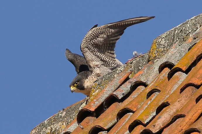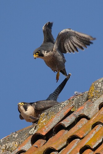 Soweit, sogut - und so verkehrt… Der Falke oben am Balkon schwang sich nämlich plötzlich in die Lüfte, flog eine rasante 180 Grad-Kurve und stieß auf den auf dem Dach sitzenden Falken herunter.
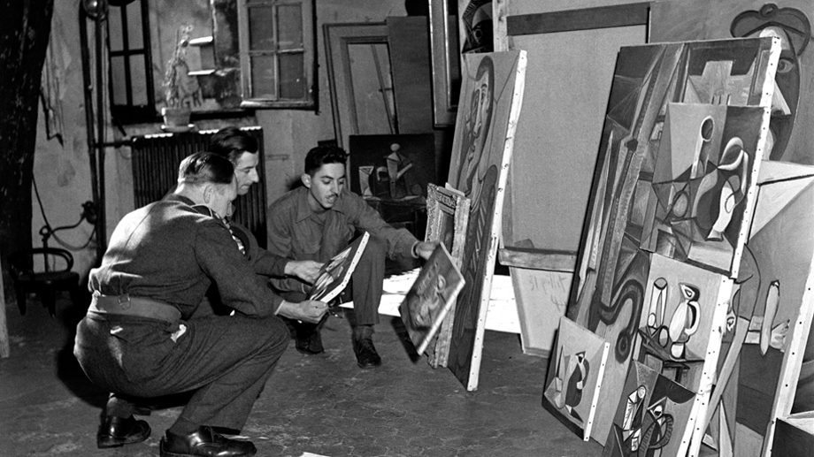 Robert Capa (1913-1954), Trois soldats devant des œuvres aux Grands-Augustins, 1er septembre 1944 © Robert Capa / International Center of Photography / Magnum Photos / Succession Picasso 2019
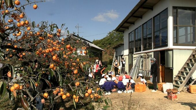 岡山県矢掛町の小学生が干し柿づくりに挑戦しました。地域の特産品を子どもたちに知ってもらおうというこの時期恒例の体験授業です。
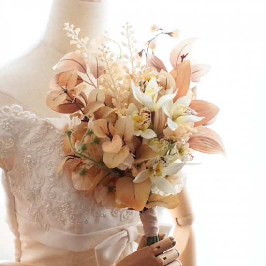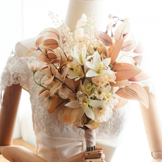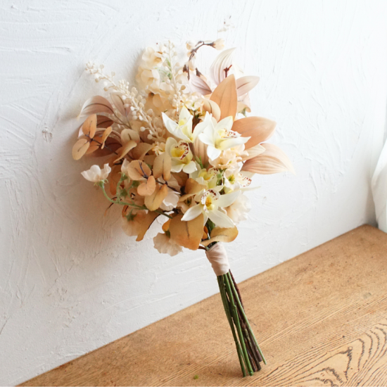 ブートニアと同様ブーケとお揃いのお花や色味でおつくりするのがとっても人気のオプションです。
━━━━━━━━━━
- Work request
From the line that holds "Robert Capa (1913-1954), Trois" down to the last line of the material above, every line is to be copied exactly, both ends included; pictures are to be omitted.

- Solution
 Robert Capa (1913-1954), Trois soldats devant des œuvres aux Grands-Augustins, 1er septembre 1944 © Robert Capa / International Center of Photography / Magnum Photos / Succession Picasso 2019
 岡山県矢掛町の小学生が干し柿づくりに挑戦しました。地域の特産品を子どもたちに知ってもらおうというこの時期恒例の体験授業です。
 ブートニアと同様ブーケとお揃いのお花や色味でおつくりするのがとっても人気のオプションです。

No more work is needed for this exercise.